Tue Nov 25 14:12:19 UTC 2014

Hi all,

I'd like to contribute a fix to error handling to improve stability of
error reporting.

Bug Report:
https://bugs.openjdk.java.net/browse/JDK-8065895

Webrev:
http://cr.openjdk.java.net/~stuefe/webrevs/8065895/webrev.00/

Problem:

When a synchronous error signal happens during error reporting, and the
signal is different from the original signal which triggered error
reporting, VM may die or hang (depends on platform). This causes empty or
almost-empty hs-err files.

Example: we first crash with a SIGILL (e.g in compiled code), then a
SIGSEGV happens when printing stack trace.

Secondary error handling should catch the SIGSEGV and continue error
reporting with the next step. But that does not work in this case.

Causes:
  - hotspot blocks all signals when installing signal handlers. Within the
secondary signal handler, only the original signal gets unblocked, the rest
remained blocked. If another synchronous error signal happens, it is still
blocked. If the second signal is a synchronous signal, the OS would
terminate the process right away because there is no way to defer
synchronous error signals.
  - when installing signal handlers for secondary error handling, only
signal handlers for SIGBUS and SIGSEGV were added; but more signals may
happen during error handling (we saw SIGTRAP, SIGILL, ..etc).

Fix:
secondary signal handler is installed for all synchronous error signals
(which is now a list and easily expandable in vmError_<os>.cpp). All those
signals are unblocked.

In order to test the fix, some test code was added too:

a) debug.cpp: changed "test_error_handler()" to a more generic
"controlled_crash(int how)", which can be called at arbitrary places, not
only at initialization time. "test_error_handler()" still exists and just
calls "controlled_crash(ErrorHandlerTest)", so its behaviour did not change.

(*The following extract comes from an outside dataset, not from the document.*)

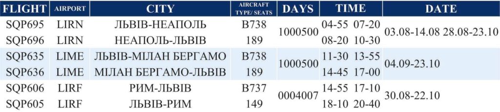 Як зазначається, у понеділок виліт зі Львова 4 год. 55 хв, приліт до Неаполя 7 год. 20 хв.

b) expand controlled_crash():
  - added option 14, a guaranteed crash with a SIGSEGV at a predefined
address, which is printed out and can later be tested against. Note that I
realize that this is a bit redundant to option 12 or 13, but the crash is
guaranteed and it crashes with a not-null address which should turn up in
hs-err file (to check that hs-err file is correct).
  - added option 15, a guaranteed crash with a SIGILL at a predefined
instruction address. Here, the point is to get a real-world SIGILL (not
just raising it) at a not-null known pc.

c) Add a parameter "-XX:TestCrashDuringErrorHandler=<n>", which works the
same as "-XX:ErrorHandlerTest=<n>". This parameter is used to trigger
controlled crashes inside the error handler. That way secondary error
handling can be tested.

(a)-(c) allow us to test the fixes manually, for example:

java -XX:ErrorHandlerTest=15  -XX:TestCrashDuringErrorHandler=14

causes a SIGILL during initialization, and a secondary SIGSEGV inside error
handling. This demonstrates the effect of the bug. Without the fix, the VM
will abort right away without finishing the hs-err file.

--

I am in the process of writing some JTreg Tests, but I would like to put
those into a separate change. This is because there are more fixes to error
reporting in our pipeline and I'd like to bundle the jtreg tests in one
change.

Kind Regards,

Thomas Stuefe